Die Zitterspinne erkennt man sofort an ihren extrem langen, dünnen Beinen und dem kleinen kugeligen Körper. In Gefahr bringt sie ihr Netz in rasche Schwingung – ein typisches Verhalten, das ihr den Namen eingebracht hat. Sie hält sich bevorzugt in Kellern und schlecht belüfteten Badezimmern auf und gilt als einer der wichtigsten Feinde anderer Hauserspinnen, einschließlich der Hauswinkelspinne.
Die Kreuzspinne findet sich häufig in Fensterbereichen oder Türrahmen. Ihr großes, präzises Radnetz – täglich neu gebaut – ist ein beeindruckendes Naturbauwerk. Sie gehört zu den Arten, die besonders im Herbst häufig ins Haus gelangen, wenn sie entlang von Fassaden und Fenstern ihre Netze spinnt.
Die kurze Antwort: Nein – für gesunde Erwachsene in Deutschland stellen Hauserspinnen keine ernstzunehmende Gesundheitsgefahr dar. Die in deutschen Wohnungen heimischen Arten haben zwar technisch gesehen Gift, aber ihre Chelizeren (Mundwerkzeuge) sind in der Regel zu schwach, um menschliche Haut zu durchdringen. Und selbst wenn ein Biss gelingt, ist er mit einem leichten Insektenstich vergleichbar.
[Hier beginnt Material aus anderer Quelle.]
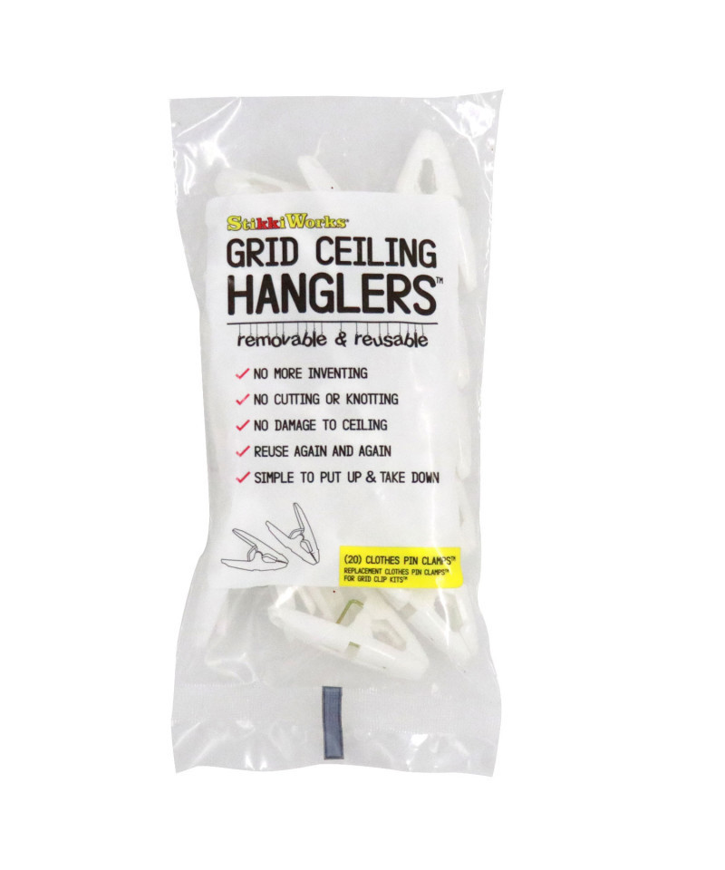 Clothes Pin Clamps™ are 2" clamps that have a strong grip for hanging papers, posters, models, mobiles and other lightweight to medium weighted objects. These clamps feature two holes for easy threading and work with Grid Clip Strings™ or can be used as replacement clamps for Grid Clip Kits™. Each bag includes 20 Clothes Pin Clamps™.
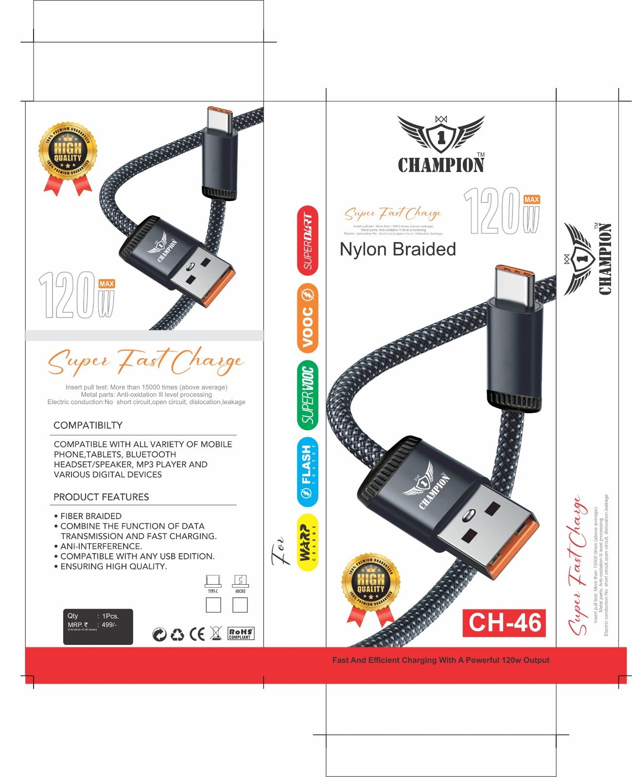 CHAMPION CH46 120W TYPE C FAST CHARGING METAL CABLE

Reaktionen auf Spinnenbisse in Deutschland
| Reaktion | Ursache | Wie häufig | Was tun |
|---|---|---|---|
| Lokale Rötung und Juckreiz | Mechanisches Trauma + milde Gifte | Sehr selten, da Biss selten gelingt | Kühlen, Antihistaminika bei Juckreiz |
| Größere lokale Schwellung | Überempfindlichkeit auf Spinnengift | Sehr selten | Arzt aufsuchen, falls Schwellung zunimmt |
| Allergische Systemreaktion | Seltene individuelle Überempfindlichkeit | Extrem selten | Sofortige ärztliche Behandlung |
| Gefährliche Vergiftung | Nicht in deutschen Haushaltsarten | Nicht relevant in Deutschland | Entfällt für heimische Arten |
Eine häufig erwähnte Art ist die Schwarze Witwe (Latrodectus mactans) – tatsächlich existiert sie in Deutschland nicht in der Natur. Einzelne Exemplare gelangen gelegentlich mit importierten Waren (Trauben, Bananen) ins Land, etablieren sich aber nicht. Das Risiko ist bei sachgemäßem Umgang mit importiertem Obst und Gemüse vernachlässigbar.
Die Nosferatu-Spinne (Zoropsis spinimana) ist die einzige in Deutschland zunehmend verbreitete Art, die tatsächlich beißen kann und deren Biss für Menschen wahrnehmbar ist. Sie stammt ursprünglich aus dem Mittelmeerraum und hat sich seit den 2000er-Jahren in Deutschland – zunächst im Südwesten – erfolgreich ausgebreitet. Heute wird sie aus fast allen Bundesländern gemeldet.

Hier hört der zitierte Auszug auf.